**Problem to solve:** Beginning with the line that contains "Zegarek wyposażono w", retype the entries below exactly, ending with the line that contains "大家好,小柏來為大家解答以上". Leave out any pictures.

**The data:**
· · · · ·
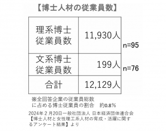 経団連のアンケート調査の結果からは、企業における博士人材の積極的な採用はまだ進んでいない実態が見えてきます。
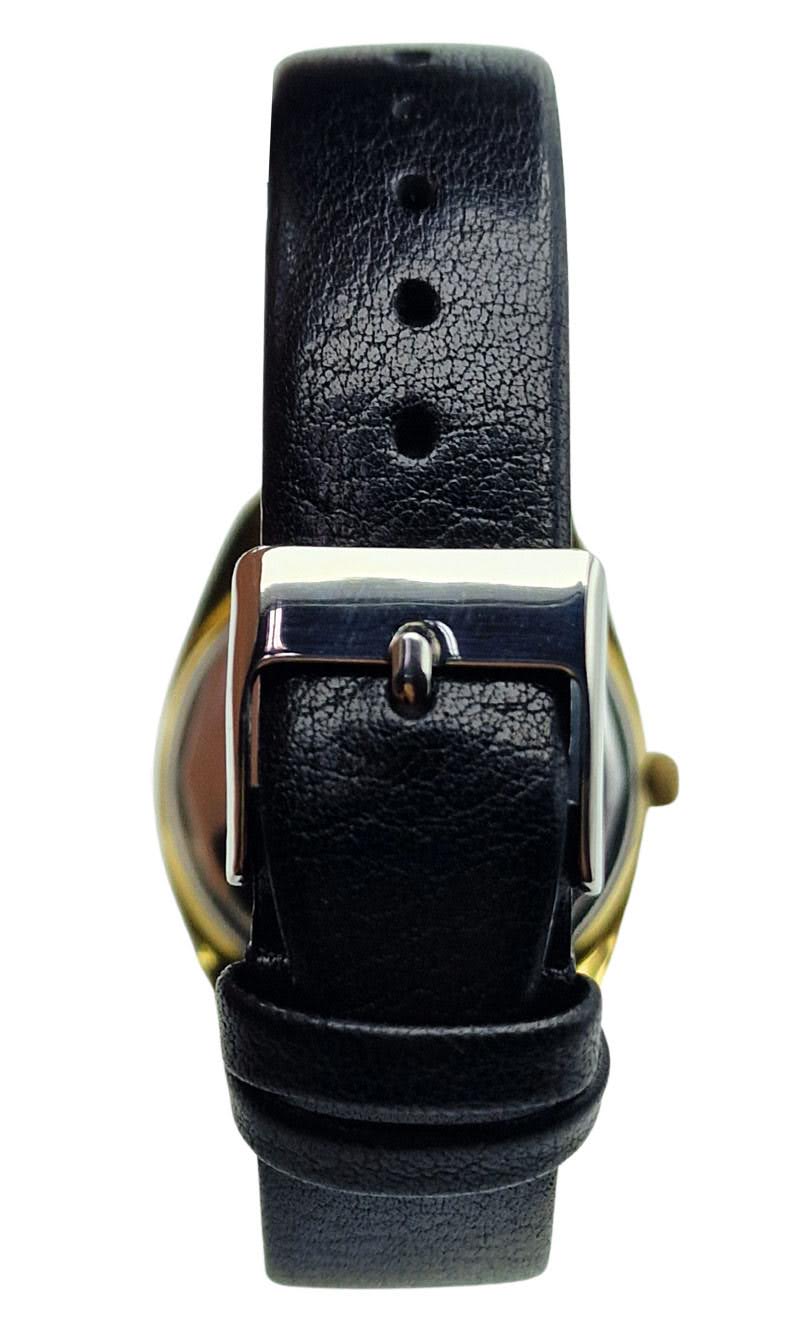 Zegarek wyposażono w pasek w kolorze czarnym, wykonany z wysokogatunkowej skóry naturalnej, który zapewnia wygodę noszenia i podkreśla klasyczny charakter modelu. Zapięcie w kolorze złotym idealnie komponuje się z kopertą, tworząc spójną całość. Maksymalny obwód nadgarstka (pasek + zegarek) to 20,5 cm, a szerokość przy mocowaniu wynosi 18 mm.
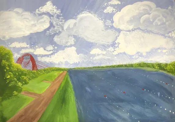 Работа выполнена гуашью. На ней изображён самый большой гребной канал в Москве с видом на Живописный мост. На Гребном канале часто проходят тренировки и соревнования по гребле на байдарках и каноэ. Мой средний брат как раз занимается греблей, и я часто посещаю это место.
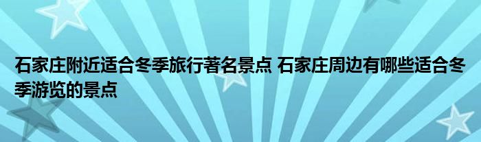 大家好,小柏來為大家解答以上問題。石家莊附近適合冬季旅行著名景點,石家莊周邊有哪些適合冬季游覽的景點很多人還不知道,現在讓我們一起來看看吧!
· · · · ·
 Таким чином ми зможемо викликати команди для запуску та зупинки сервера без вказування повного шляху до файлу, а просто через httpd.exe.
· · · · ·
**Response area:**
 Zegarek wyposażono w pasek w kolorze czarnym, wykonany z wysokogatunkowej skóry naturalnej, który zapewnia wygodę noszenia i podkreśla klasyczny charakter modelu. Zapięcie w kolorze złotym idealnie komponuje się z kopertą, tworząc spójną całość. Maksymalny obwód nadgarstka (pasek + zegarek) to 20,5 cm, a szerokość przy mocowaniu wynosi 18 mm.
 Работа выполнена гуашью. На ней изображён самый большой гребной канал в Москве с видом на Живописный мост. На Гребном канале часто проходят тренировки и соревнования по гребле на байдарках и каноэ. Мой средний брат как раз занимается греблей, и я часто посещаю это место.
 大家好,小柏來為大家解答以上問題。石家莊附近適合冬季旅行著名景點,石家莊周邊有哪些適合冬季游覽的景點很多人還不知道,現在讓我們一起來看看吧!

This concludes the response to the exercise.